For the last few years, the global textile industry has faced many challenges – dip in consumer demand, labour migration back to their homes, major supply-chain disruptions, high operating costs due to energy crises, lockdowns and the never-ending Russo-Ukrainian conflict. And of course green legislations that upset the manufacturing process. The recently published Global Textile Analysis 2023, Grand View Research values the global textile market size at $1,695.13 billion in 2022 that is anticipated to grow at a CAGR of 7.6 per cent in terms of revenue from 2023 to 2030.
Apparel demand to drive industry
Ever-increasing demand for apparels from the fashion industry, coupled with the meteoric growth of e-commerce platforms, is expected to drive market growth over the forecast period. The textile industry works on three major principles: design, production, and distribution of different flexible materials such as yarn and clothing. A wide array of processes such as knitting, crocheting, weaving, and others are largely used to manufacture a wide range of finished and semi-finished goods in bedding, clothing, apparel, medical, and other accessories.
The key players in this are: China, the EU, the US and India. China has retained its enviable position as the world’s number one producer and exporter of not only raw textile but also readymade garments. The US plays a key role as one of the world’s largest producer and importer of raw cotton and leading importer of raw textiles and readymade garments.
The textile industry in European Union comprises Germany, Spain, France, Italy, and Portugal at the forefront with a value of more than 1/5th of the global textile industry. It is currently valued at over $160 billion. India is the third-largest textile manufacturing industry and holds an export value of more than $30 billion. India is responsible for more than 6 per cent of the total textile production, globally, and it is valued at approximately $150 billion.
There are many developing countries ready to crack or climb this list in the near future as their investment into the textile or garment industry increases. Countries such as Pakistan, Sri Lanka, Samoa, and a number of South American countries have seen considerable growth in their textile markets in recent years. India for example attracted $1522 million in FDIs in this sector alone. In another report by Morder Intelligence Research, two key trends are gaining popularity and these are: natural and non-woven fibers.

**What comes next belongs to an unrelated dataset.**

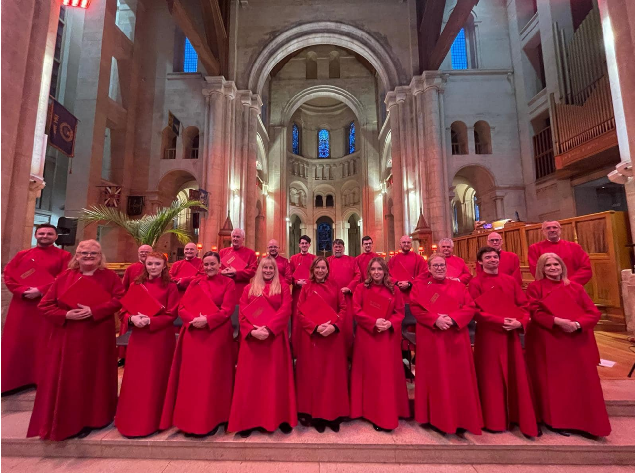
Image of the day – The Crucifixion by Stainer at Belfast Cathedral

Natural fibers tick all the boxes
These are fibers that are more environmentally friendly and ethical than synthetic fabrics. Common examples of plant-based natural fibers include: cotton, silk, linen, hemp, rayon (modal), and lyocell. Animal-based natural fibers for clothes include wool (cashmere), alpaca fleece, camel hair, and spider silk. They are low-cost, lightweight, are renewable, biodegradable with high specific properties that make them versatile.
There is a lot of research and development going on to source from non-traditional natural elements and turn them into comfortable, long-lasting and low environmental impact. Hemp is a popular choice as are fibers extracted from nettle-weed, lotus fibers, banana fibers, coffee ground fibers and the amazing Pintatex a leather like fiber extracted from the skin and leaves of the pineapple plant. World production of natural fibers is estimated at 33.7 million tons in 2022, compared with a preliminary 33.3 million tons in 2021 and 31.6 million in 2020
Non-woven textiles are exceedingly in demand
The many advantages of non-woven textiles include resiliency, enhanced absorbency, improved washability and bacterial protection. Non-woven fabrics can also be tailored to enhance certain features such as liquid repellency, impact resistance, flame retardancy, electrical insulation, and thermal insulation. Their usage is versatile and non-wovens are high in demand in the healthcare sector, industrial safety sector amongst others. The global nonwoven fabrics market size is projected to grow from $ 40.5 billion in 2020 to $ 53.5 billion by 2025.